Hollister knew his subseabed disposal program was unpopular. It shocked many environmentalists and he dubbed it "dead on arrival" with politicians on Capitol Hill, who feared their constituents would view them as supporting "nuking the oceans." But he continued to press for research funds from the Department of Energy's neglected and now-defunct Office of Subseabed Disposal, convinced that our responsibility to future life on the planet includes formulating the best possible disposal plan for radioactive waste in the subseabed. The Department of Energy and Congress's funding priorities, however, lay with Yucca Mountain.

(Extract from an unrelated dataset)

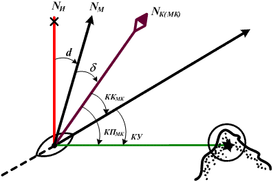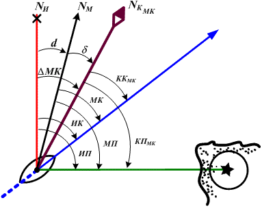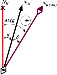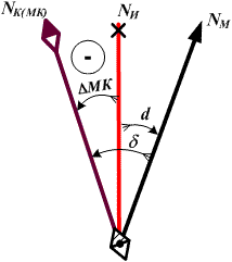Если магнитный компас находится на судне и подвержен влиянию его полей, то Δ МК = d + δ, тогда (рис. 3.18):

John Kelly, an expert in nuclear and hazardous waste disposal, made the Washington briefing rounds with Hollister and spoke at the memorial service at Woods Hole for his close friend. He told a gathering of some 300 celebrating Charley Hollister's life that "never was there a better fit between man and idea," and called Hollister's concept "scientifically sound, technically elegant, beautifully simple"—and politically incorrect. Kelly predicted that its scientific and technical merits eventually will overcome political obstacles, adding his belief that some day ships will be carrying nuclear waste for safe burial deep in the seabed.
Perhaps the Kursk's nuclear reactors will be the first, and this could pave the way for disposing of the increasingly dangerous reactors on board idled and decaying submarines in the Russian Navy. As a supportive step, the United States could reestablish the Office of Sunseabed Disposal within the Department of Energy and fund it to take on a pilot project such as studying the littered wreckage of the K-219, sharing the knowledge with the Russians.
Charley Hollister intentionally lived on the edge and saw things differently from most of us. When I first interviewed him in 1973 he said that he rarely climbed a mountain over someone else's route. "The time is too precious," he said. "Better a new route, or better yet, a new mountain." Whether climbing mountains or exploring the ocean's depths, he pursued knowledge from new perspectives with vision, humor, and determination. As John Kelly said, "He knew the subseabed idea was ahead of its time but he refused to give it up." Given the Kursk disaster, perhaps its time has come.
Michael Schofield is a former journalist who covered the search for the downed nuclear submarine USS Thresher (SSN-593) in 1963. He later managed Woods Hole Oceanographic's news and information office and retired from the State Department in 1996.